Itilekha podder (Iti)
I am Iti, a Data Scientist and AI researcher with 7 years of experience in developing AI-driven frameworks and end-to-end implementable solutions for industrial and healthcare applications. My expertise lies in leveraging artificial intelligence and machine learning to optimize processes, enhance product quality, and deliver innovative, measurable results. I specialize in designing advanced AI frameworks and analytics models in semiconductor manufacturing to improve efficiency and performance. I am equally passionate about healthcare, focusing on creating AI solutions that enhance medical technologies and significantly improve patient care. My research bridges the gap between theoretical AI advancements and real-world industry applications, driving impactful change. With a proven track record of publishing research papers and delivering end-to-end solutions, I excel at tackling complex challenges and translating cutting-edge innovations into practical, actionable results.
Alongside my technical expertise, I also have a passion for business development. With strong communication and writing abilities, I effectively convey complex concepts, facilitating collaboration and project success.
Work experinece
Data Scientist at Robert Bosch Kft., Budapest, Hungary
(12/2019- Present)
I led the development of data-driven solutions for MEMS sensor manufacturing automation, overseeing a project that reduced production time by 28% and improved efficiency. I also worked on other research projects on early fault prediction and root cause analysis caused by thermal drift in gyroscopes. I developed an unsupervised and semi-supervised wafer map clustering solution to enhance quality control processes.
My role also involved active participation in the Design Review Based on Failure Mode (DRBFM) process, effective stakeholder communication and numerous sprint-related activities. I authored several invention reports and recently submitted a patent for a novel optimization technique in sensor manufacturing.
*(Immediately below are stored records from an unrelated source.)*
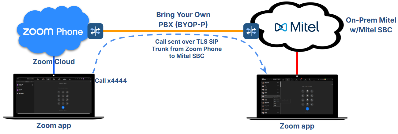 Các tổ chức chạy đồng thời cả Zoom Phone và Thành phần tích hợp Mitel. Người dùng có giấy phép Zoom Phone Kết nối tới Zoom Phone SBC, trong khi người dùng có Thành phần tích hợp Mitel Kết nối tới Mitel SBC. Với một đường trung kế BYOP Kết nối chúng, người dùng có thể quay số máy lẻ giữa các hệ thống khác nhau.
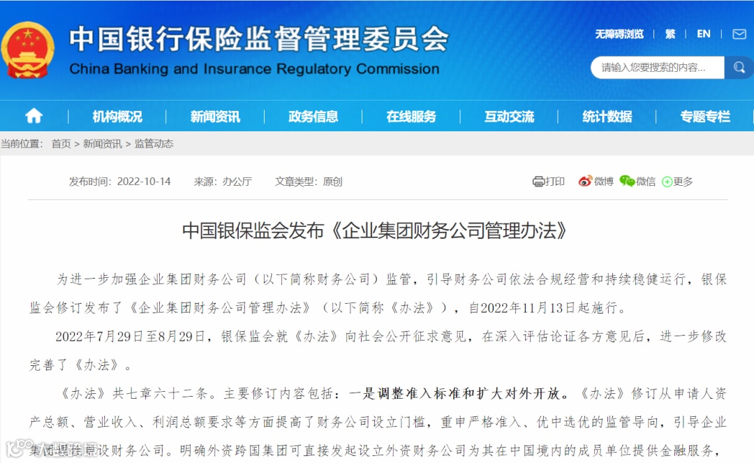 10月14日,中国银保监会修订发布了《企业集团财务公司管理办法》,以进一步加强企业集团财务公司监管,引导财务公司依法合规经营和持续稳健运行。新规自2022年11月13日起施行。
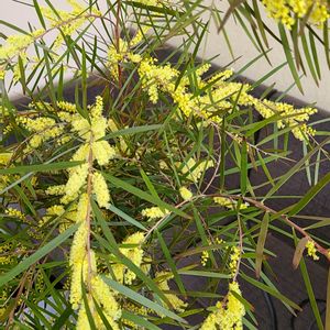 こんにちは👋😃 アカシア ブリスベーンワトル。 2年過ぎました。 枝が、垂れてますが、3mくらいになってます。 黄色のもふもふ姿は、素敵ですね。 樹全体が黄色になれば どんなに素敵な花姿に、なるのか楽しみです。
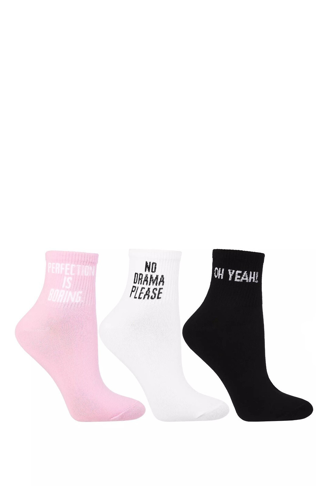 Dámské ponožky - z vysoce kvalitní bavlny - žebrovaný svršek zdobený nápisem - ideální pro každodenní styling - dokonale se přizpůsobí vašim nohám - zajišťují vysoký komfort nošení - k dispozici ve 3 barvách: černá, bílá, růžová - náhodný výběr Složení: 69 % bavlna, 28 % polyamid, 3 % elastan
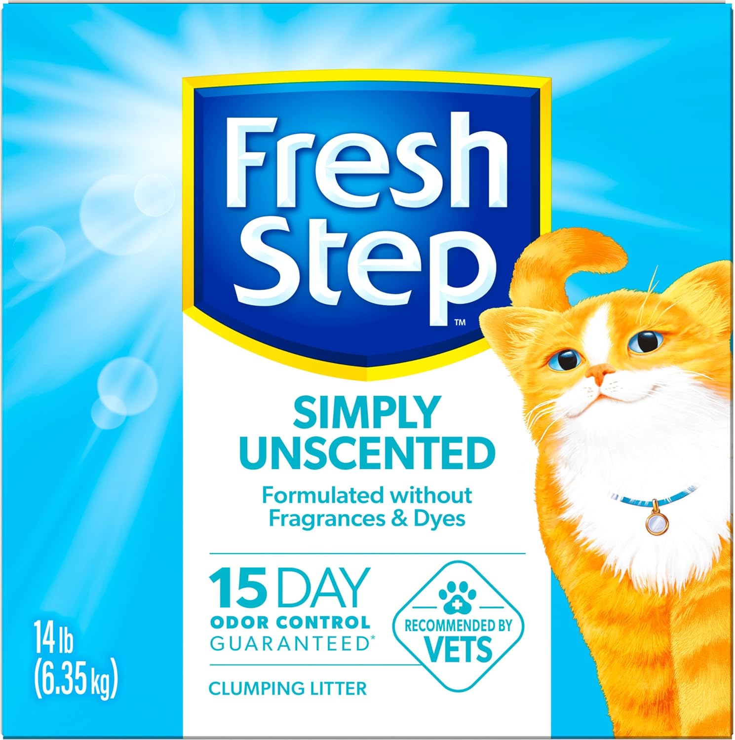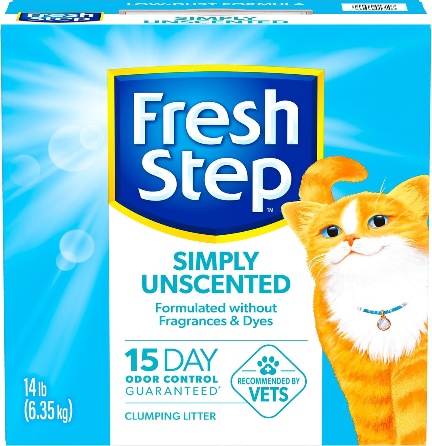 Fresh Step Simply Unscented Clumping Litter, Fresh Step Unscented Cat Litter With Activated Charcoal Technology, 14 lb. Box
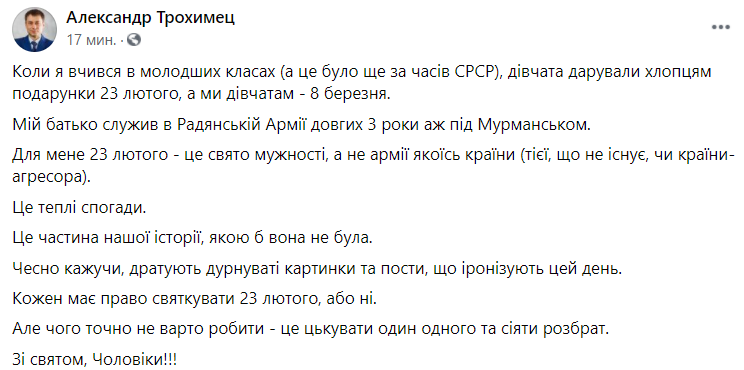Юрист Александр Трохимец призывает перестать критиковать тех, кто отмечает 23 февраля. Поскольку это часть истории миллионов украинцев, служивших в Советской армии.
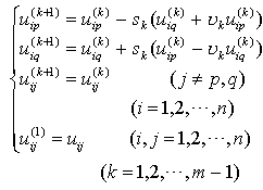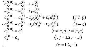 式中I为单位矩阵,tk为适当选定的常数,Ui为雅可比旋转矩阵:
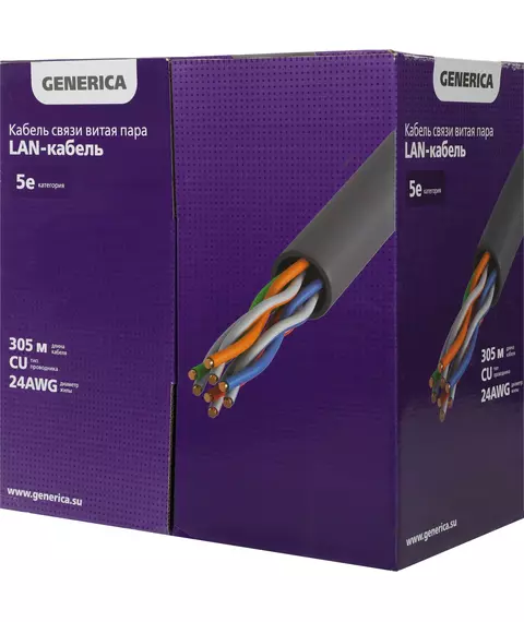 Кабель ITK BC1-C5E04-311-305-G Generica кат.5E FTP 4 пары 24AWG PVC внутренний 305м серый
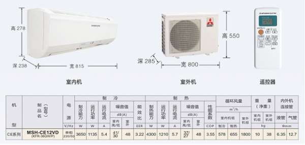 三菱电机 MSH-CE12VD[参考价格]\u00A0 3680元[联系方式] \u00A0京东商城[报价查询]\u00A0空调产品报价三菱电机产品报价
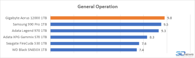 Gigabyte Aorus 12000 позиционируется производителем как самый быстрый потребительский накопитель с интерфейсом PCIe 5.0, а значит, и вообще. Поэтому сравнивать его целесообразно с прочими флагманскими моделями, среди которых есть как быстрейшие SSD для PCIe 4.0 (например, Samsung 990 Pro и WD Black SN850X), так и накопители на платформе Phison E26, но с более медленной памятью (например, Adata Legend 970).
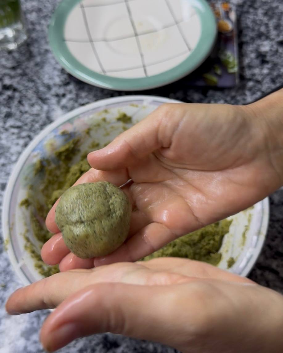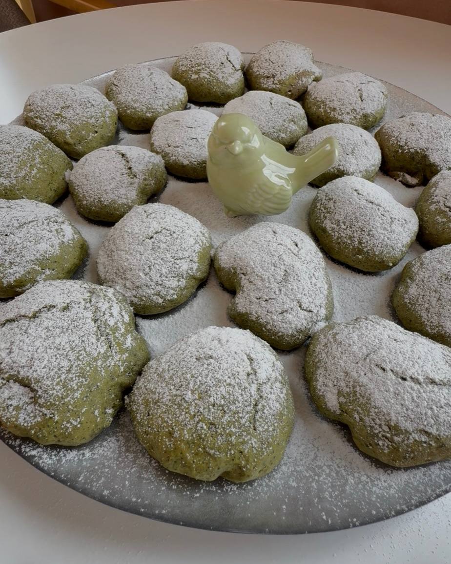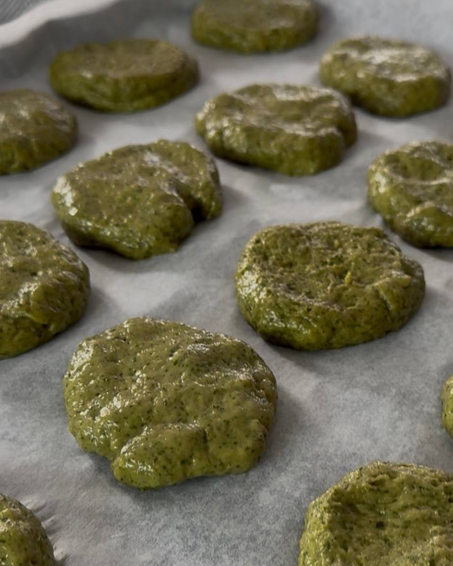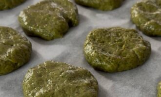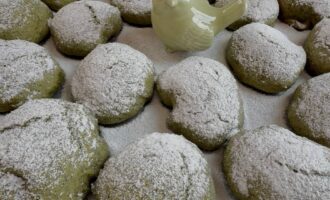 Выпекайте печенье в разогретой до 180°C духовке (верх-низ) около 15 минут. Важно не дать печенью сильно зарумяниться, иначе потеряется его красивый зелёный оттенок.
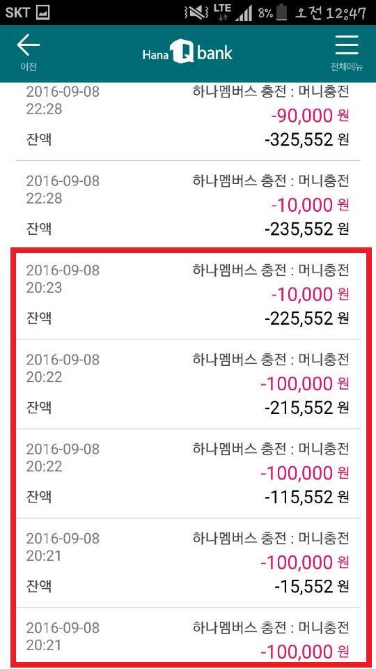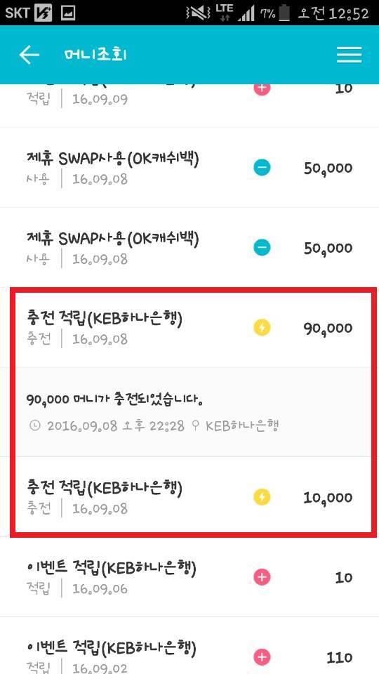 혹시나 해서 하나멤버스 앱을 이용하여 충전내역을 확인하였으나 9월 8일 오후 밤 10시 28분에
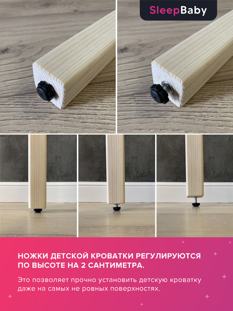 | Комплектация | Детская кроватка в дополнительной упаковке, реечное дно, регулируемые по высоте ножки, крепеж для сборки, ключ для сборки, инструкция, информационный вкладыш, подарок для малыша, запасные крепежи |
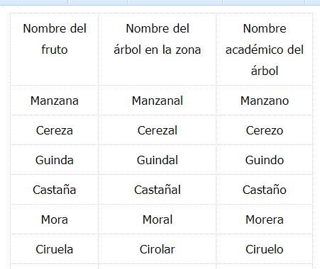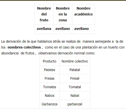 Sin embargo se observa que cuando el árbol frutal no es autóctono o habitual de la zona y que se introdujo procedente de otras , posiblemente en fecha tardía, se sigue la norma general de derivación del lugar de procedencia., caso del avellano.
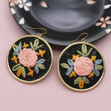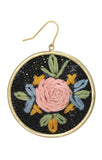 These earrings feature a round shape with a delicate pink cross-stitch flower on black burlap background.
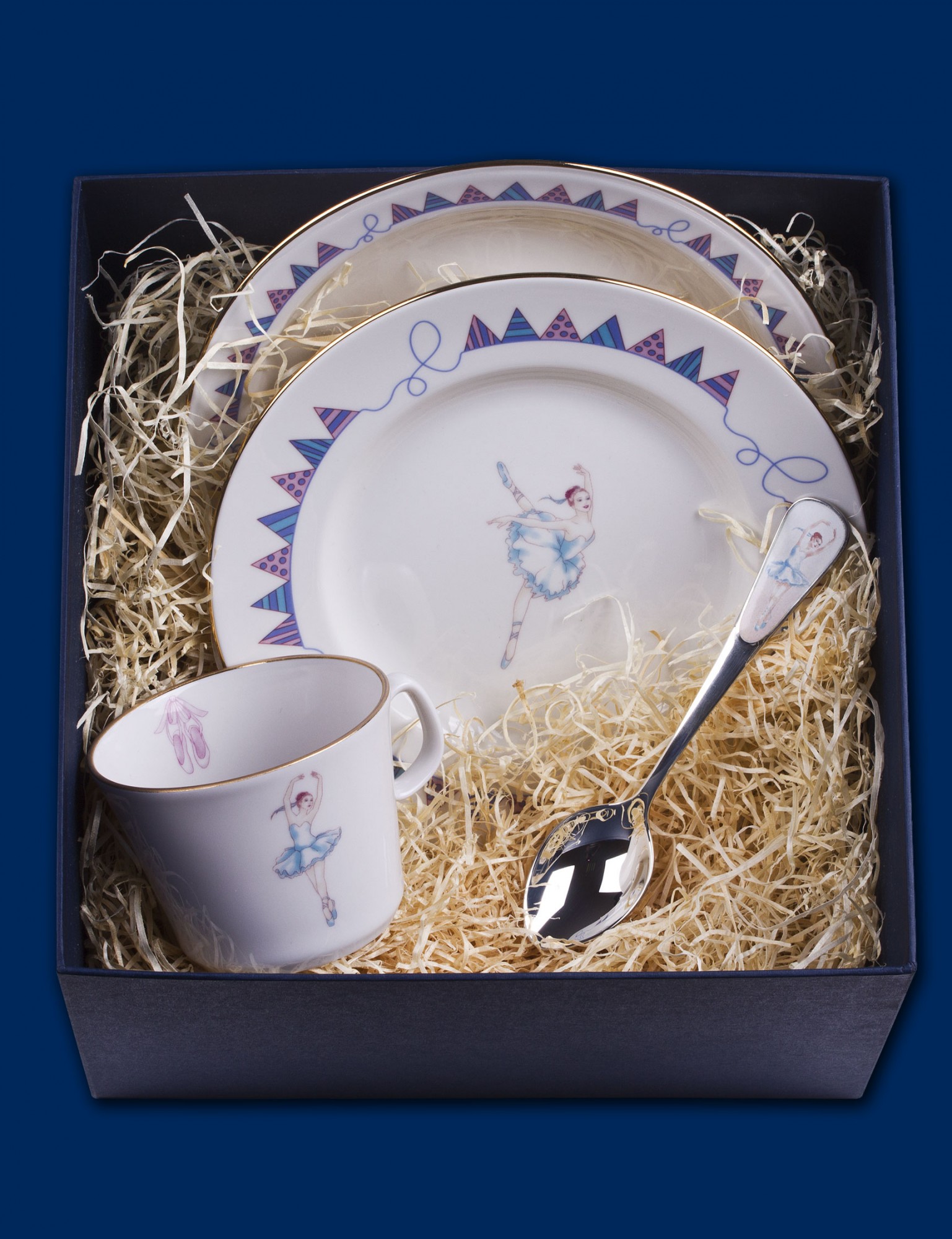 Фарфоровый набор "Нежный возраст. Балерины" - это изысканный и утонченный набор, который является хорошим подарком на рождение ребенка, крестины, день рождение и любой другой праздник. Борт тарелок украшен изображением флажков. В центре тарелок, по бокам чашки и на ручке ложечки изображены балерины. Также на внутренней стороне чашки рисунок пуант. Обводка тарелок и чашки - позолота. Изысканный и утонченный набор "Нежный возраст. Балерины" продается в подарочной коробке. Материал посуды - фарфор. Материал приборов - серебро 925 пробы. Состав набора - глубокая тарелка, плоская тарелка, чашка, ложечка. Размер коробки - 22*22*15 см. Размер плоской тарелки - 18 см. Размер глубокой тарелки - 18 см. Объем чашки - 180 мл.
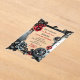 Invitations de mariage Steampunk avec des engrenages en métal argenté et des fleurs rouges et un texte de style gothique.
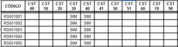 Se utilizado o código RS051001 serão compatíveis os códigos CST 030 e 040, conforme tabela.
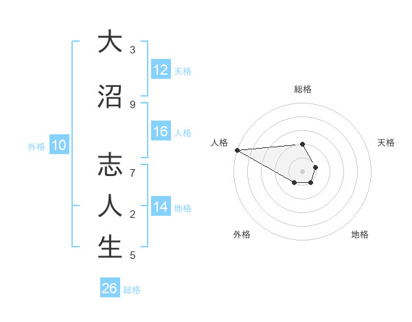 大沼 志人生さんを姓名の画数から五運を鑑定
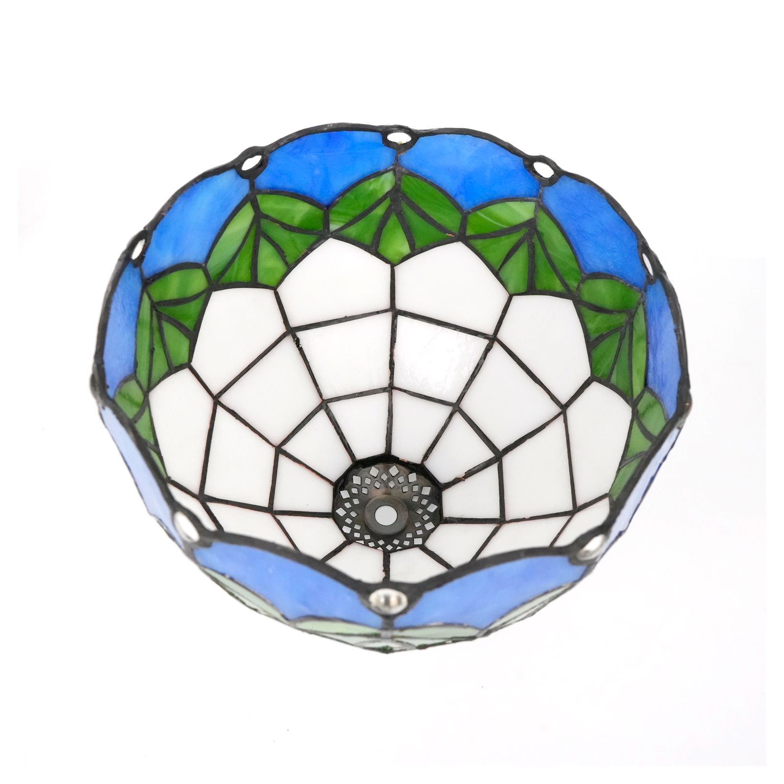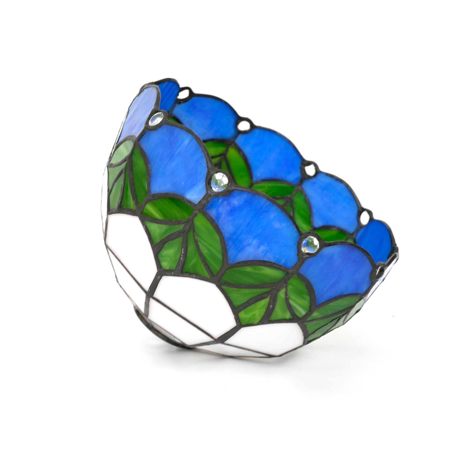 Inheriting the century-old craftsmanship of Tiffany, every small lotus leaf is meticulously carved by artisans. Cut the colored glass, grind out the blade outline, then wrap the edge with copper foil and weld it into shape. The interwoven shades of green are a vivid extension of the veins of the lotus leaves. The pure and transparent white and blue are like the moonlight on a summer night spilling over the lake surface. The handcrafted warmth endows the patterns with vivid vitality, allowing the small lotus leaves to spread out on the lampshade and bringing the natural poetry into the home. The small holes are ingeniously designed, leaving a delicate passage for the flow of light and shadow, adding a touch of vitality.
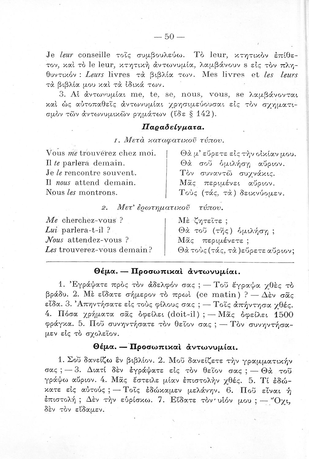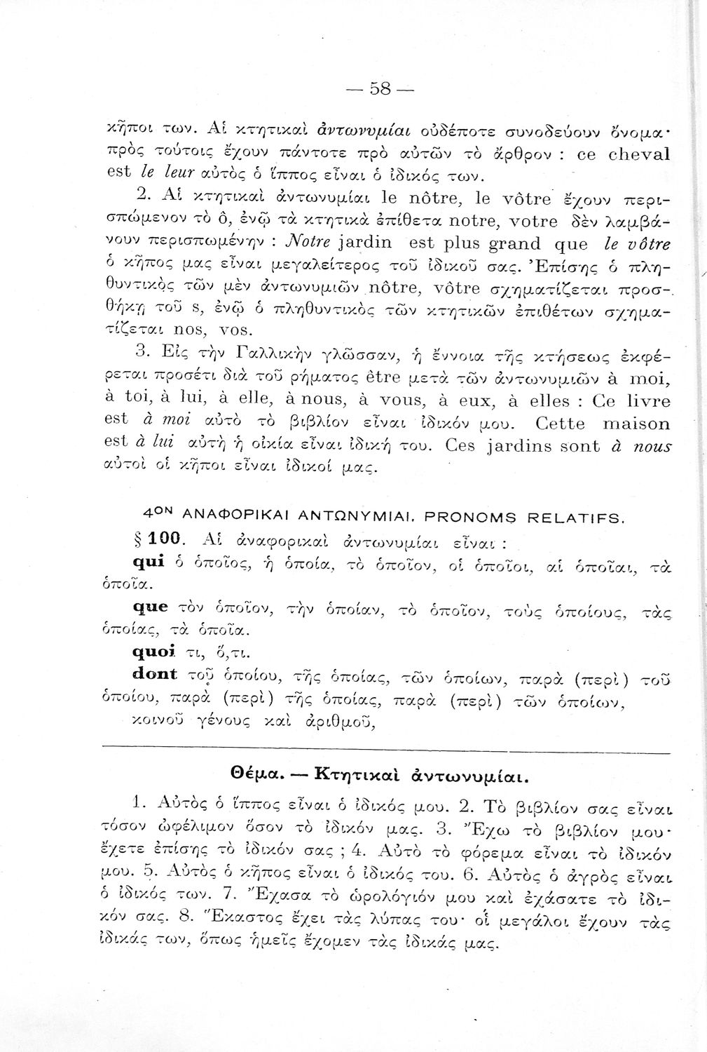 Κωδικός αναγνώρισης: 01-17308 Τίτλος: Γραμματική της Γαλλικής Γλώσσης προς χρήσιν πασών των τάξεων των Γυμνασίων και των αντιστοίχων τάξεων των λοιπών Σχολείων της Μέσης Εκπαιδεύσεως Συγγραφέας: Θεόδωρος. Γ. Κύπριος Μέγεθος και υπόστρωμα: Σχολικό εγχειρίδιο, 22εκ., μαλακό εξώφυλλο, 199 σελίδες. |
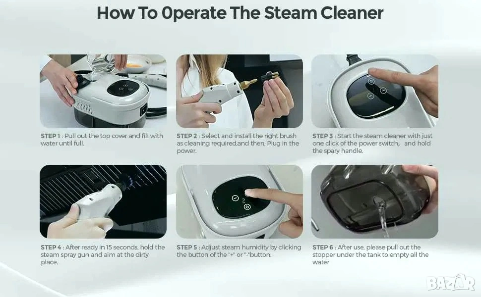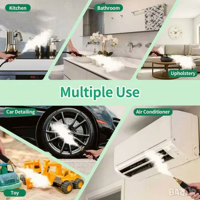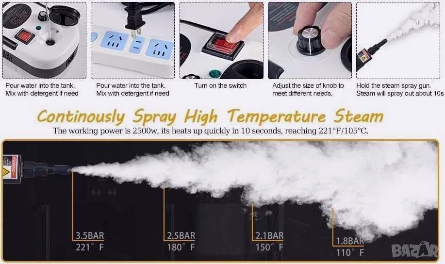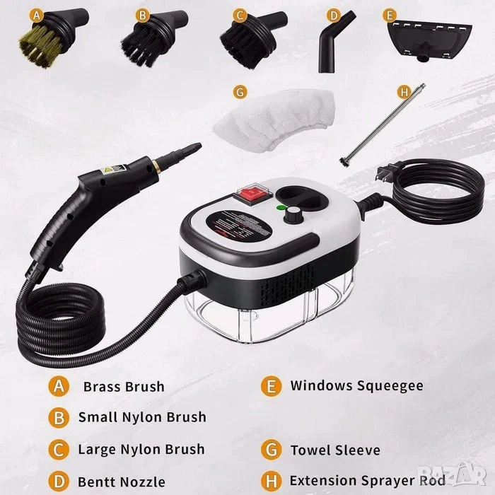 7 В 1 ръчен почистващ препарат за пара. Има 7 накрайника. Генериране на пара до 105 градуса по Ц елзий/221 градуса по Фаренхайд 3 бара за 15 секунди, способни да почистват и премахнат мазнините, мръсотията, праха и петна от широк спектър от повърхности

Researcher in Machine Learning for Signal Processing at Spinal Cord Injury & Artificial Intelligence Lab, ETH Zurich, Switzerland
(02/2023- PrEsent)
My work was to develop a robust multimodal sensor fusion algorithm for blood pressure estimation in Spinal Cord Injury (SCI) individuals. My proposed framework involved data collection, feature extraction, algorithm development (CNN, TL), validation and optimization. Ultimately, my work aimed to enhance patient blood pressure monitoring and clinical decision-making for SCI individuals.
Teaching Assistant, Computer Science at Eötvös Loránd University (ELTE), Budapest, Hungary (09/2021- Present)
I have prepared and taught theoretical and practical courses in software technology and business development, supervised multiple data science-related master theses, and designed and taught practical classes in imperative programming. Additionally, I have mentored bachelor's and master's students, providing guidance and support throughout their academic journeys.
Researcher at Ericsson, Hungary research and development centre (02/2019- 08/2019)
This research work encompassed a comparative analysis of detecting objects in real-time using various object detection models (SSD mobile nets, faster rcnn resnet etc.) and diverse environmental setups (LAN, WIFI , 3G connection, GPU, CPU )to assess the network's computational capacity regarding the accuracy, detection frame, and latency.
Education
Double Degree Doctoral Student in data science at Eötvös Loránd University (ELTE), Budapest, Hungary (Minor in innovation and Business Development) (09/2020- Present)
In collaboration with Eötvös Loránd University, Budapest, Hungary, Robert Bosch Kft., Budapest, Hungary and the European Institute of Innovation and Technology (EIT) Digital Doctoral School, my research work aims to develop an efficient method for AI-based solution implementation for industrial optimization especially in semiconductor manufacturing. I received the EIT Doctoral Scholarship (2020-Present). I applied design science research and process management to develop a standardized data mining process model in Data Science, facilitating digital transformation initiatives. This approach enabled the creation of a robust framework for data-driven solutions, optimizing workflows and enhancing the efficiency of data mining operations.
Double degree Master of Science in computer science (Minor in innovation & entrepreneurship): (08/2017- 01/2020) GPA: 4.64
In collaboration with Delft University of Technology (TU Delft), Delft, Netherlands, Budapest University of Technology and Economics (BME), Budapest, Hungary and the European Institute of Innovation and Technology (EIT) Digital Master School.
Double MSc. degree in digital media technology focusing on Autonomous Vehicles and Innovation and Entrepreneurship knowledge. Attended summer schools in Big Data.